私の全く知らない情報がポンポンと交わされていく。相手の目が輝いているのが分かる。嬉しく感じると同時にこの機械を買ってなかったら…という想像が膨らみ背筋が少し寒くなった。


「じゃね!また話そうね!」


「ジャネ~」


完璧な会話だった。これがコミュニケーションか…と感心しきっていた。これさえあれば会話で悩まなくて済む!私はルンルンだった。




一か月後。

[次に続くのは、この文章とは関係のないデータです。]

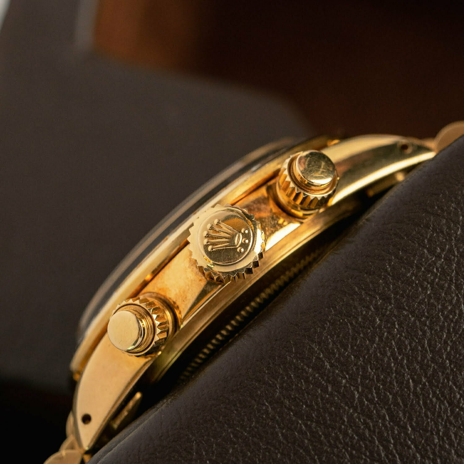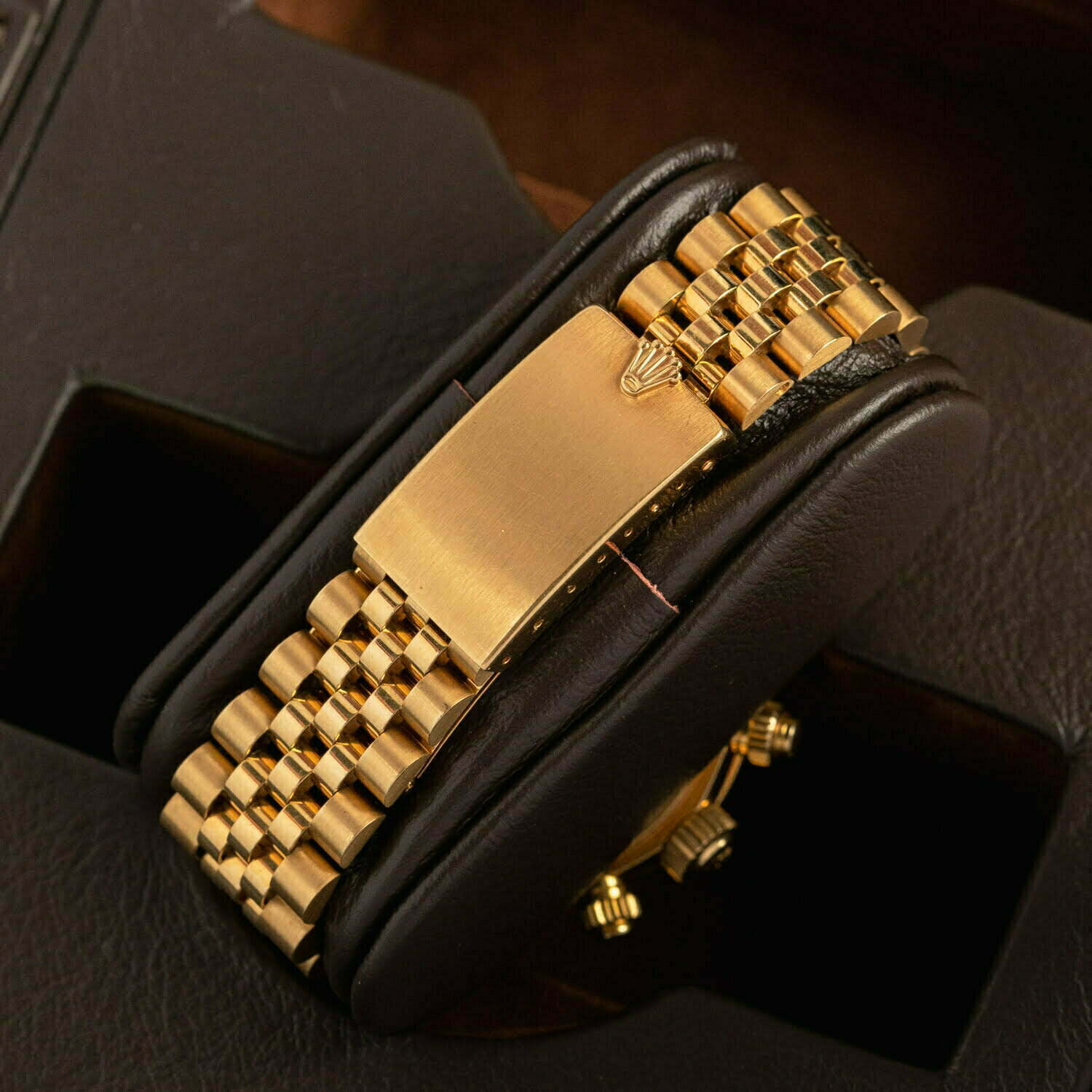 More often than once, the Daytona is associated with the Oyster bracelet, yet there are plenty of examples where the customers’ preference of a different configuration was granted. A Jubilee was the best contender for an alternative look on your gold Daytona as a President bracelet doesn’t fit between the 19mm lug-width. However, neither the 6269 nor the 6270 were in the catalogue and no official ads have surfaced, so it is impossible to tell what bracelet Rolex had in mind. It is safe to assume that if you we’re to spend such an exorbitant amount, the choice would be yours. In this case the Jubilee bracelet has been chosen, something we haven't encountered before.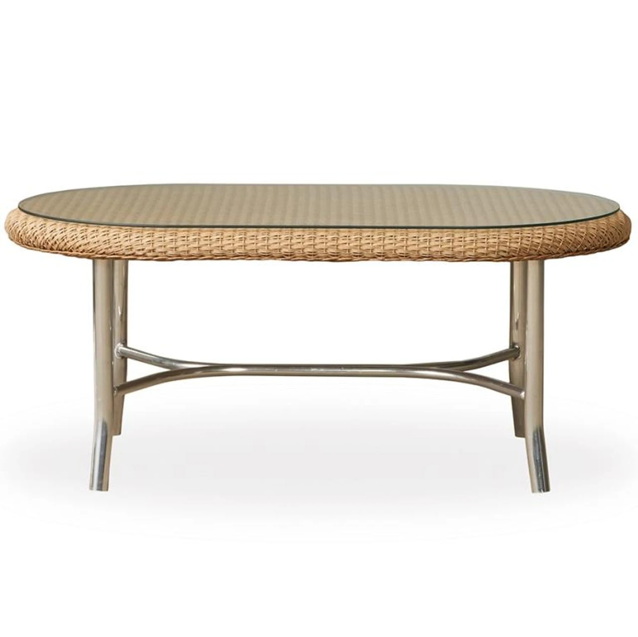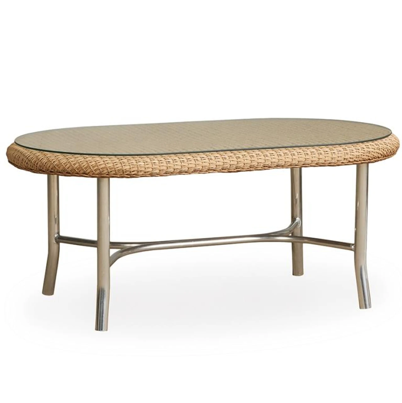 Lloyd Flanders Lloyd Universal Loom Oval Cocktail Table with Mini-Random weave pattern.

授業でクラス内のランダムな女子とグループを組んで発表をする事になった。今日は初回。話し合いも早々に終わり暇な時間が出来た。「OUMU」の出番ね。コミュニケーションで親睦を深めましょう。


「暇になっちゃったね~」


「ソダネ~」


「大体先生が時間取り過ぎなんだよね~」


「ワカル~」


「そ~いえばさ~。ヨネコノ『MIKAN』聞いた~?」


「聞いた聞いた~」


「メッチャイイキョクダッタヨネ~」


「あそこのアレがさ~…」


共通項を通して自己発露を行い親睦を深める。これが会話のあるべき姿…と心酔し切っていた所である違和感を覚える。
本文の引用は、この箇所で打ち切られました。